Could you transcribe every record below exactly, leaving out the pictures?

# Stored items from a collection
■ ■ ■

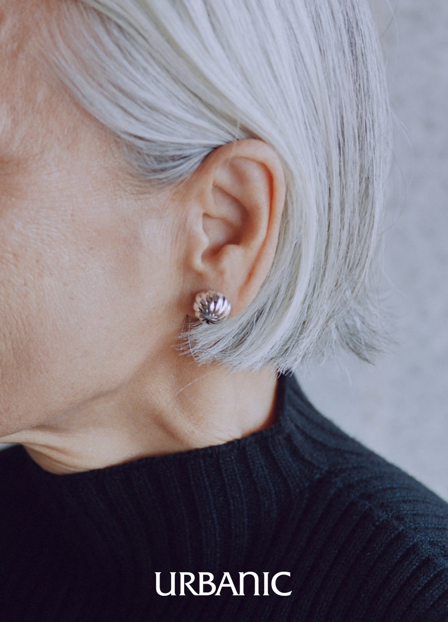 半球状の表面に渦巻き模様が精巧に刻まれているピアス。どんな日にもお使い頂けますますよう、控えめなサイズ感やシンプルなデザインで仕立てました。時を重ねるごとに増す自然なスクラッチと、柔らかな銀の輝きが魅力のアイテムです。
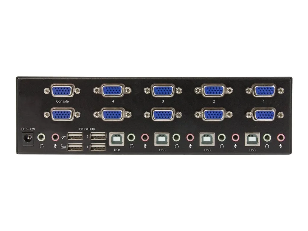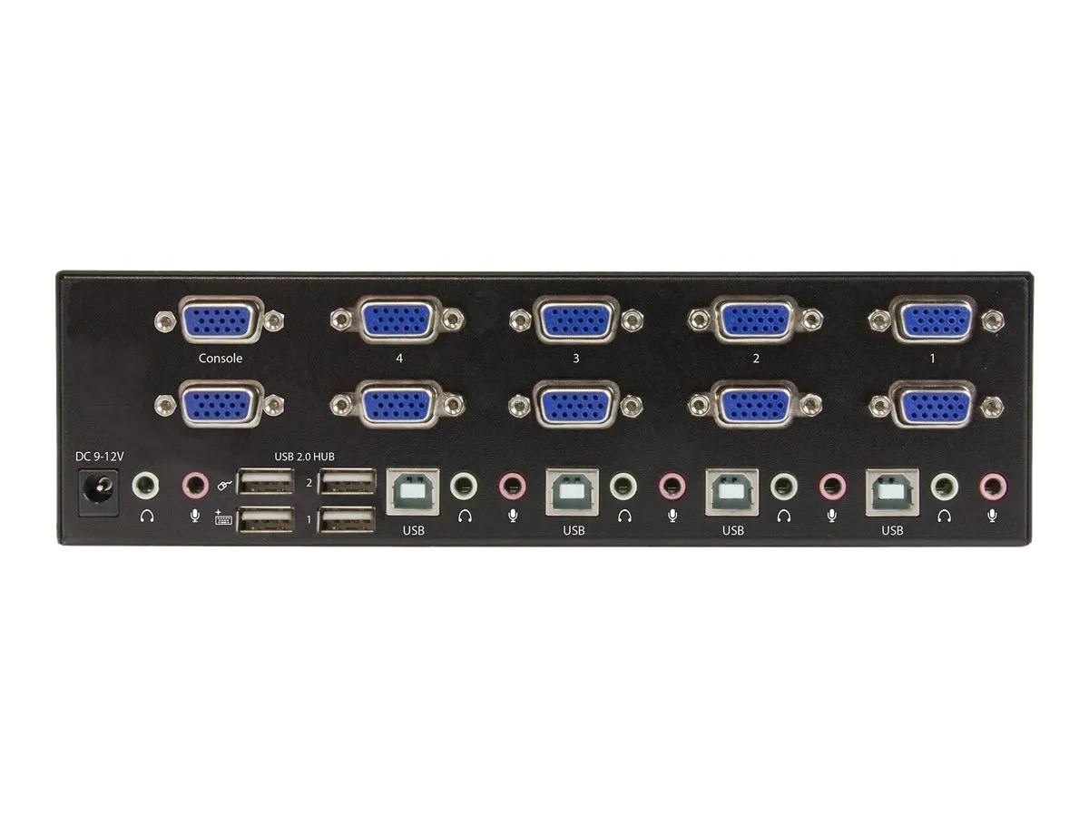 Ce commutateur KVM USB vous permet de brancher quatre ordinateurs comportant chacun deux sorties VGA à un poste de travail à deux écrans. Vous pouvez basculer la station de travail entre les ordinateurs, ainsi que deux autres périphériques USB, des haut-parleurs 3,5 mm et un microphone.
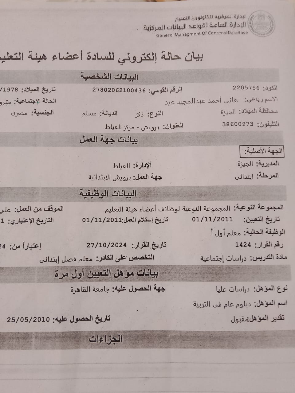 وأضاف في تصريحاته لـ الصفحة الأولى، أنه عمل في المرحلتين الابتدائية والإعدادية مدرس دراسات اجتماعية، وكان يسند إليه تدريس اللغة العربية والرياضيات للصفوف الأولى لسد العجز في المدرسين، وفوجئ بوجود خطأ في صحيفة الأحوال الإلكترونية، بتصنيفه ضمن كادر معلم فصل ابتدائي، وهو ما يمنعه من تدريس مادتي التاريخ والجغرافيا للمرحلة الثانوية، رغم صلاحيته لذلك، هو وزملاؤه من دفعات المعلمين القدامى.
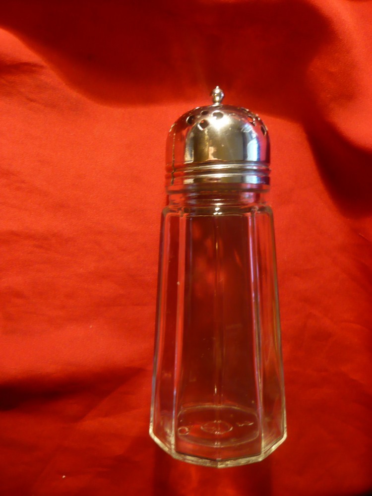 Vas de sticla pt. sare , capac metalic , h= 14,5 cm
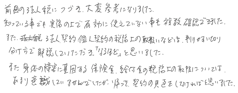 前回の法人税につづき、大変参考になりました。知っている事でも、実務の上で有効に使えていない事も複数確認できました。また、法人契約、個人契約の税務上の取扱いなどは、判りやすい切り分け方で解説していただき、「なるほど」と思いました。また、身体の障害に基因する保険金、給付金の税務上の取扱については、あまり意識していませんでしたが、帰って契約の見直をしなければと思いました。
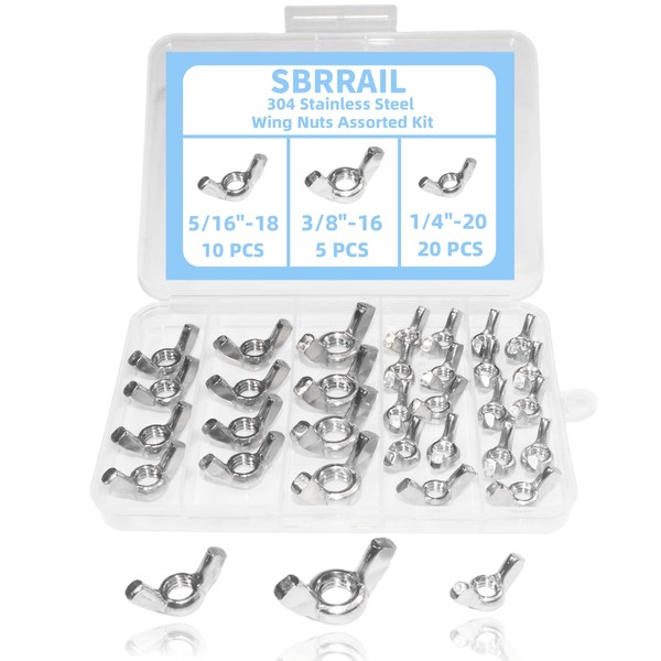 SBRRAIL Wing Nuts Assorted Kit 3 Sizes 1/4", 5/16", 3/8" Butterfly Nut, Stainless Steel Hardware Nuts, Fasteners Parts Screws Hand Twist Tighten Ear Butterfly Wing, 35 PCS
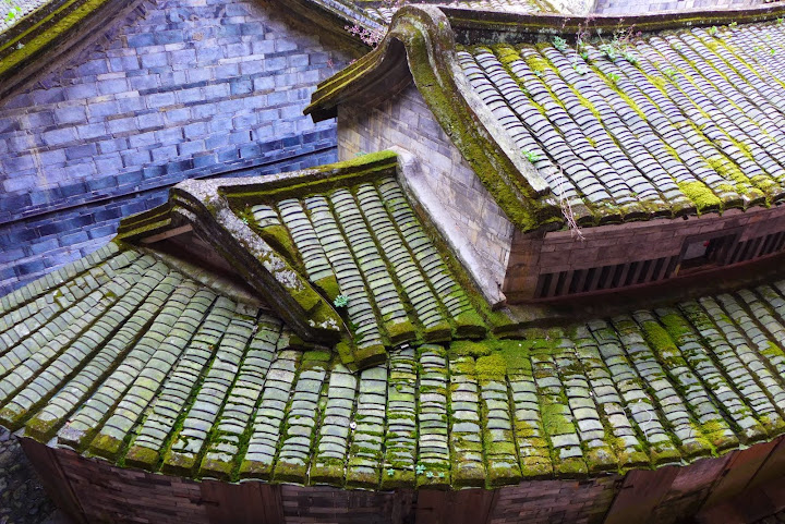 排列整齊的屋瓦中間是綠色的青苔,很漂亮。
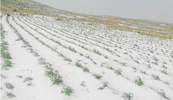 Una fuerte granizada azotó el día lunes la provincia de Lampa, afectando gran cantidad de hectáreas de campos de cultivo.

■ ■ ■

# Reply to the exercise
 半球状の表面に渦巻き模様が精巧に刻まれているピアス。どんな日にもお使い頂けますますよう、控えめなサイズ感やシンプルなデザインで仕立てました。時を重ねるごとに増す自然なスクラッチと、柔らかな銀の輝きが魅力のアイテムです。
 Ce commutateur KVM USB vous permet de brancher quatre ordinateurs comportant chacun deux sorties VGA à un poste de travail à deux écrans. Vous pouvez basculer la station de travail entre les ordinateurs, ainsi que deux autres périphériques USB, des haut-parleurs 3,5 mm et un microphone.
 وأضاف في تصريحاته لـ الصفحة الأولى، أنه عمل في المرحلتين الابتدائية والإعدادية مدرس دراسات اجتماعية، وكان يسند إليه تدريس اللغة العربية والرياضيات للصفوف الأولى لسد العجز في المدرسين، وفوجئ بوجود خطأ في صحيفة الأحوال الإلكترونية، بتصنيفه ضمن كادر معلم فصل ابتدائي، وهو ما يمنعه من تدريس مادتي التاريخ والجغرافيا للمرحلة الثانوية، رغم صلاحيته لذلك، هو وزملاؤه من دفعات المعلمين القدامى.
 Vas de sticla pt. sare , capac metalic , h= 14,5 cm
 前回の法人税につづき、大変参考になりました。知っている事でも、実務の上で有効に使えていない事も複数確認できました。また、法人契約、個人契約の税務上の取扱いなどは、判りやすい切り分け方で解説していただき、「なるほど」と思いました。また、身体の障害に基因する保険金、給付金の税務上の取扱については、あまり意識していませんでしたが、帰って契約の見直をしなければと思いました。
 SBRRAIL Wing Nuts Assorted Kit 3 Sizes 1/4", 5/16", 3/8" Butterfly Nut, Stainless Steel Hardware Nuts, Fasteners Parts Screws Hand Twist Tighten Ear Butterfly Wing, 35 PCS
 排列整齊的屋瓦中間是綠色的青苔,很漂亮。
 Una fuerte granizada azotó el día lunes la provincia de Lampa, afectando gran cantidad de hectáreas de campos de cultivo.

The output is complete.